(Items from a dataset)
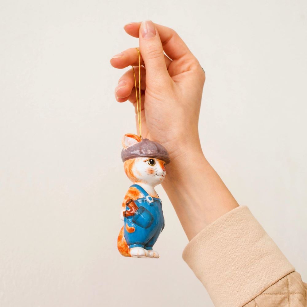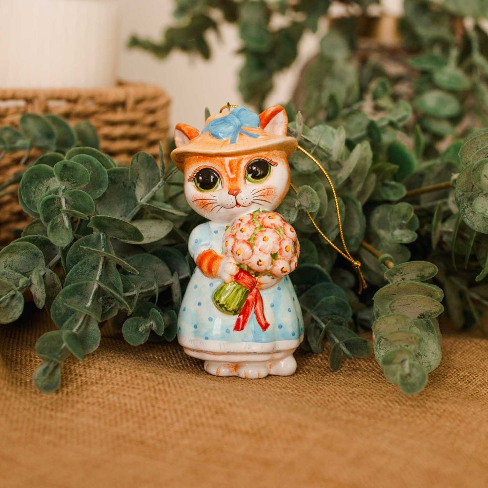 Фигурка “”Кошка с букетом””, выполненная в технике майолика и украшенная ручной художественной росписью, представляет собой милую сцену: кошечка в голубом платье и шляпке прогуливается с подаренным ей букетом цветов. Возможно, этот подарок был от рыжего “”Кота хулигана”” в синих штанишках, который, несмотря на свои проказы, остается неисправимым романтиком. Вместе эти две фигурки создают прекрасную пару, которая в интерьере привнесет весеннее настроение, тепло и уют. Кроме того, изделие может использоваться в качестве украшения новогодней ёлки.”
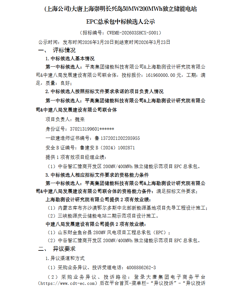 3月20日,大唐上海崇明长兴岛50MW200MWh独立储能电站EPC总承包中标候选人公示。公示显示,平高储能&上海勘测设计院&中建八局联合体以投标报价16196万元为第一中标候选人预中标。
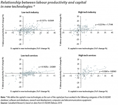 Clàudia Canals and Oriol Carreras1. We define labour productivity as the gross value added per hour worked. We define the degree of penetration of new technologies as the stock of capital per hour worked in software and databases, research and development, computers and telecommunications equipment (according to EU KLEMS). As discussed in the second article, this is a broad approximation for new technologies.
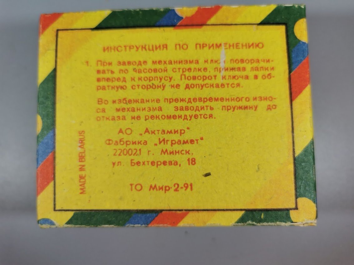 Žaislas skardinis prisukamas rakteliu – papūga, tarybinių laikų, originalioje dėžutėje, nenaudotas. Veikiantis. 6 vnt. Ilgis 10, aukstis 8 cm. Kaina po 32
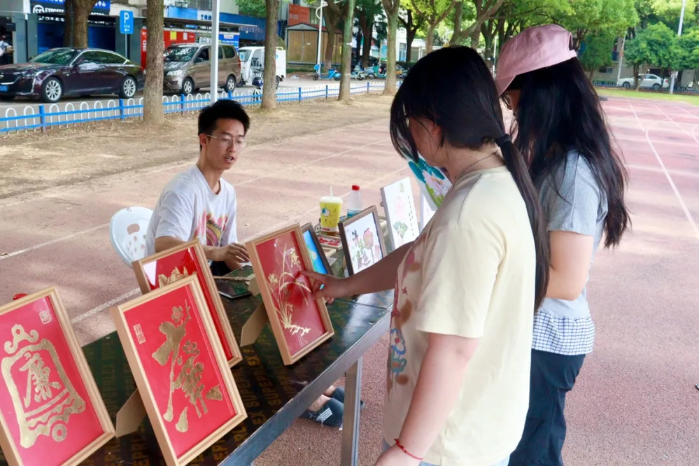6 月 18 日下午,光彩体育场变身廉洁文化与青春活力交织的创意天地,一场别开生面的 “青春担当 廉行校园” 廉洁文化创意市集火热开启,师生们化身“清风体验官”,在创意与互动交织的氛围中,沉浸式感受廉洁文化的魅力。
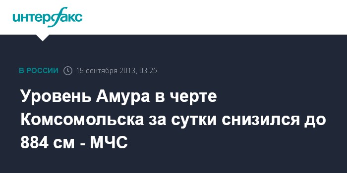 Хабаровск. 19 сентября. ИНТЕРФАКС - ДАЛЬНИЙ ВОСТОК - Амур в районе Комсомомльска продолжает стабильное снижение, за сутки уровень воды упал на 10 см, по данным на утро четверга, он составляет 884 см, сообщает пресс-служба ГУ МЧС по региону в четверг.
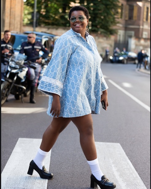 "I’ve fielded some serious volatility over the last couple of days but nothing has been quite as bad as what people have said about my body and the way I look. The fat phobia JUMPED out. Yes, I am fat. No, I’m not humiliated to show up as my authentic self in the world. I love this photo from the Balenciaga show because it captures something I’ve worked hard to achieve (and sometimes still fail at doing) loving and feeling myself, and supporting designers that don’t make bigger bodies bend to them. Thank you @chopovalowena for making fashion that serves so many different body types—I looked and felt amazing in this dress. Thank you @mrstreetpeeper for capturing the vibes! To my fellow fat sisters and brothers, put that lil dress on, grab your miniskirts: We ride at dawn!
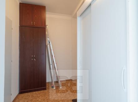 Byt se nabízí jako nevybavený, jeho součástí je však kuchyňský kout se spotřebiči a skříň v předsíni. Na podlahách je položeno lino. Okna jsou plastová.
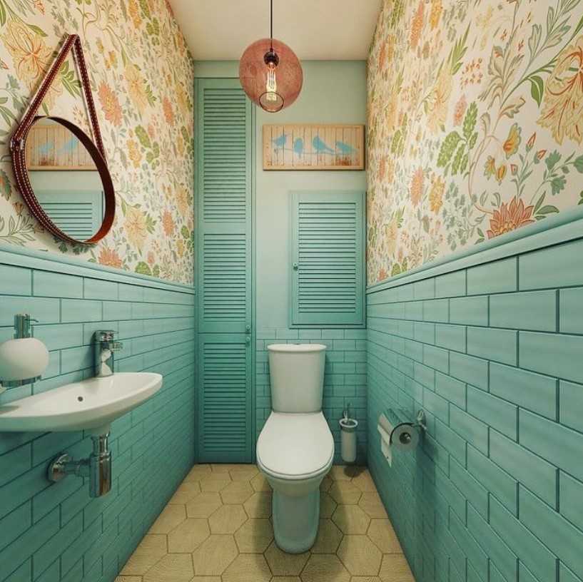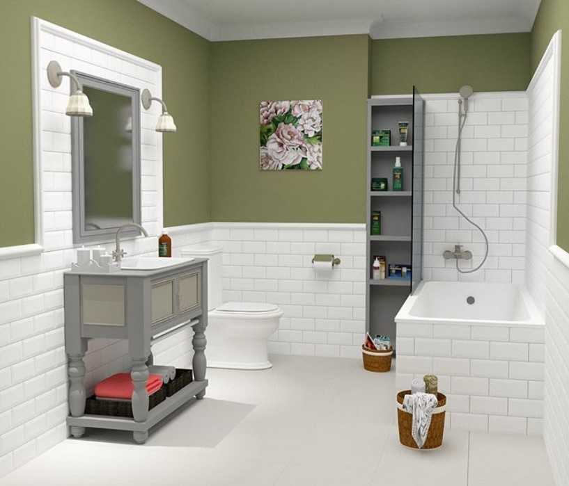 Например, зеленый в сочетании с лимонным или нежно-розовым цветом. Такой союз сделает комнату яркой и свежей. Последним штрихом в этой комнате станет кран и душ, стилизованные под старину
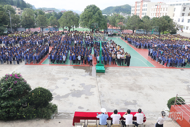 8月22日,是花江中学2023年秋季开学第一天,关岭自治县交警大队教导员、花江中学法治副校长叶檑参加学校开学仪式,为全校师生上交通安全知识课。
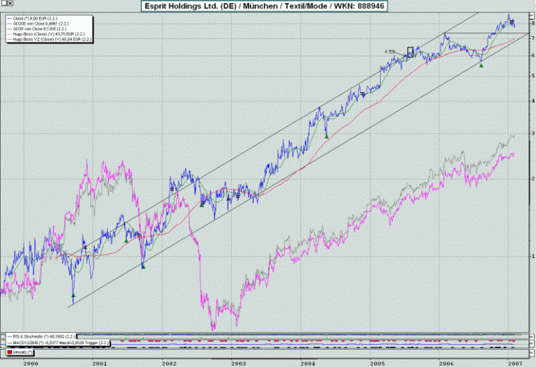 Selbst in den schwierigeren Jahren 2001 bis 2002 hat Esprit gut performt wie man sieht.
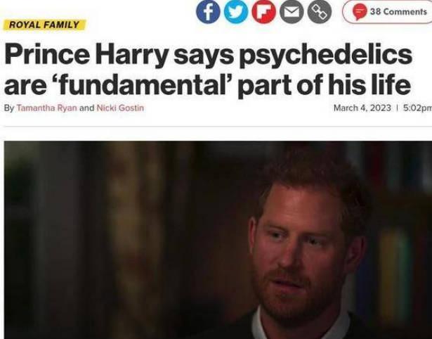 3月4日根據《紐約郵報》PAGE SIX報道,英國的哈里王子承認吸毒,表示迷幻藥是其生活的基本部分。
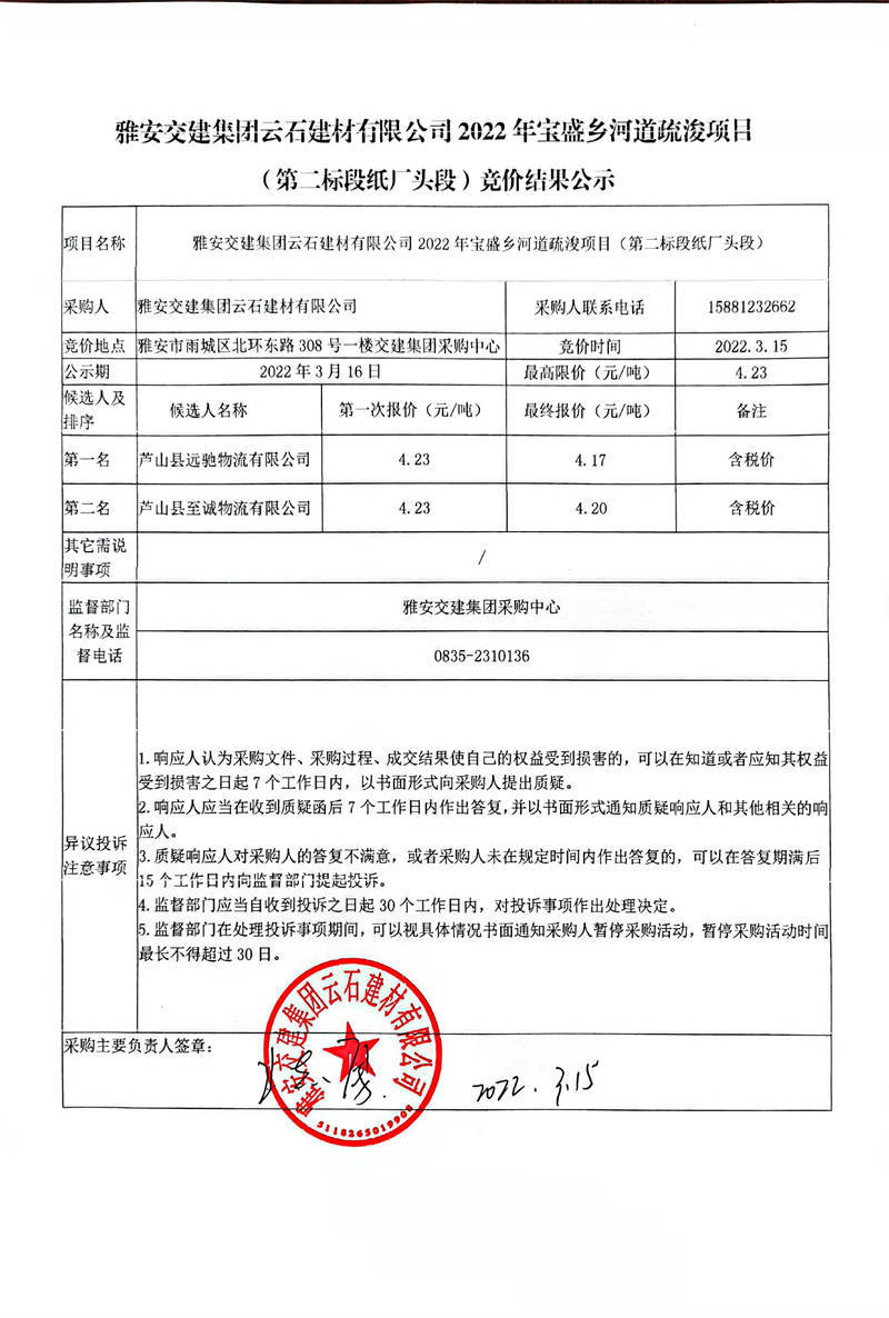 雅安交建集團(tuán)云石建材有限公司2022年寶盛鄉(xiāng)河道疏浚項(xiàng)目(第二標(biāo)段紙廠頭段)競(jìng)價(jià)結(jié)果公示
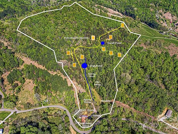 *Now accepting backup offers* Whether you seek a family compound with multiple living options, a mini-farm, homestead, or income-producing property, this renovated 3 BD, 2 BA Gambrel-style home with a 2nd living quarters and a 1car detached garage offers limitless potential. Provide a family member or tenant with their own private unit featuring a separate entrance, double-sided wood stove fireplace, full kitchen, and bath. Situated in a picturesque 41+/- acre cove with 2 spring-fed ponds, cleared roads, and multiple mapped homesites, this beautiful property is ready for your vision. Imagine creating a cozy retreat with a lovely south facing garden or a business venture like hosting short-term rentals with added tiny homes, yurts, or glamping in the meadow by the tranquil stream. The basement with full bath is ready for your final touches and could serve as another living space, office, or workshop. Currently a 2 unit Airbnb.
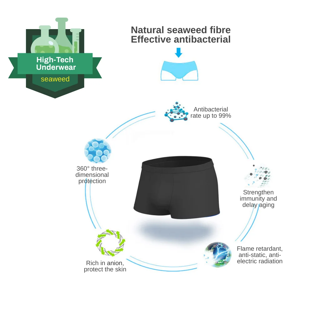 Отзывы о 2Pcs Unique High-Tech Sports Seaweed Fabric Antibacterial Underwear Panties Men Boxers calzoncillos Мужское нижнее белье -

§ Exercise goal
Reproduce only the lines running from the beginning of the entries above to the line holding "3月20日,大唐上海崇明长兴", inclusive. Pictures stay out of the copy.

§ Result of the exercise
 Фигурка “”Кошка с букетом””, выполненная в технике майолика и украшенная ручной художественной росписью, представляет собой милую сцену: кошечка в голубом платье и шляпке прогуливается с подаренным ей букетом цветов. Возможно, этот подарок был от рыжего “”Кота хулигана”” в синих штанишках, который, несмотря на свои проказы, остается неисправимым романтиком. Вместе эти две фигурки создают прекрасную пару, которая в интерьере привнесет весеннее настроение, тепло и уют. Кроме того, изделие может использоваться в качестве украшения новогодней ёлки.”
 3月20日,大唐上海崇明长兴岛50MW200MWh独立储能电站EPC总承包中标候选人公示。公示显示,平高储能&上海勘测设计院&中建八局联合体以投标报价16196万元为第一中标候选人预中标。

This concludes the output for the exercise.